IIITH Seeks Pitches To See Which Walls Will Fall Next

On 20 August, IIITH is hosting the international Falling Walls Lab which is a world-class pitch competition for students across disciplines and early-career professionals. The most innovative idea – research project, business plan, or social initiative – will qualify for the global finale in Berlin in November. 

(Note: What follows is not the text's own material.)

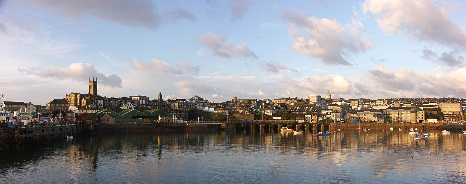 A panoramic view of Penzance harbour in Cornwall, England. Author: Mark Twyning

The Falling Walls Foundation is a not-for-profit organisation based in Berlin that was set up on the 20th anniversary of the buckling of the iron curtain. As the name suggests, its mission is to channel the iconic image of a broken down barrier while tearing down similar walls that exist in science and society. One way of initiating dialogue between researchers and enabling scientists to share their knowledge with a global audience is via the Falling Walls Lab. Renowned academic institutions from over 60 countries around the world host the international Falling Walls Lab to showcase innovative ideas from their regions. 

Launching In Hyderabad
While the Falling Walls lab has been organised in India over the last few years by the German House for Research and Innovation (DWIH) New Delhi, and the German Academic Exchange Service (DAAD) in partnership with various institutes, this is the first time that the lab has come to Hyderabad. As a PhD student from KAUST, Saudi Arabia, who made it to the grand finale in Berlin in 2014, Prof. Aftab Hussain counts the entire experience as one of his most memorable till date. When he joined as faculty at IIITH in the Centre for VLSI and Embedded Systems Technologies (CVEST), it was his dream to mentor research students for a Falling Walls Lab India edition. Recalling his own finale, he exclaims, “It is basically like an Olympics of Science presentations,” adding, “The presentations there were incredible, the energy levels were amazing, and the production quality was so high that the Chief Judge who was on the panel judging the presentations was the Head of the Nobel Prize Committee!” Hence, for Prof. Aftab, the ‘Launch A Lab’ initiative by the Falling Walls organisers couldn’t have been more opportune. “As a Lab alumni who was keen on bringing the event to my region, I think the organisers trusted me with the entire process – the way the ceremony is to be conducted and so on,” he says of the launch in Hyderabad.   

The Way It Works
In the competition, participants are given 3 minutes each to present their solutions to some of the most challenging problems of our time. Judges comprising a panel of experts drawn from academia, industry and the general public determine a winner based on the innovativeness of the proposed idea, potential impact of the presented work, and how convincing the presentation was. Winners across regions who qualify for the global finale in Berlin on 7 November not only compete to become the Breakthrough Winner in the Emerging Talents category of the competition but also win a ticket to attend the Falling Walls Science Summit where “international Lab winners get to interact and network with the world’s movers and shakers of science, business and policy-making”. In an indication of the quality of networking that awaits the international lab winners, Prof. Aftab recounts his encounters with several Nobel Laureates in Berlin. “I also got the opportunity to meet the President of the RoyalSociety of London, a position that was once occupied by Sir Isaac Newton.”

A World Class Experience
The winner from the international Lab gets to go to Berlin and the finale winner, apart from taking home the winning title, and prize money, receives another opportunity to speak on the grand stage of the Falling Walls Conference which throughout the day hosts leading experts, changemakers, and many luminaries. However, according to Prof. Aftab, the process of applying for the pitch is an experience in itself. “Right from the title of the presentation itself which begins with ‘Breaking the wall of..’, there is a 40 character limit that includes spaces! Similarly the description of the project has a 200 character limit. One has to weigh every word carefully while applying. And then there is the 3 minute limit for presenting. This is the beauty of the entire competition,” he says. What he would like to tell students and researchers is this – “Even if you don’t win this and go to Germany, the process of applying and prepping for the 3-minute pitch is a valuable experience that ought not to be missed.”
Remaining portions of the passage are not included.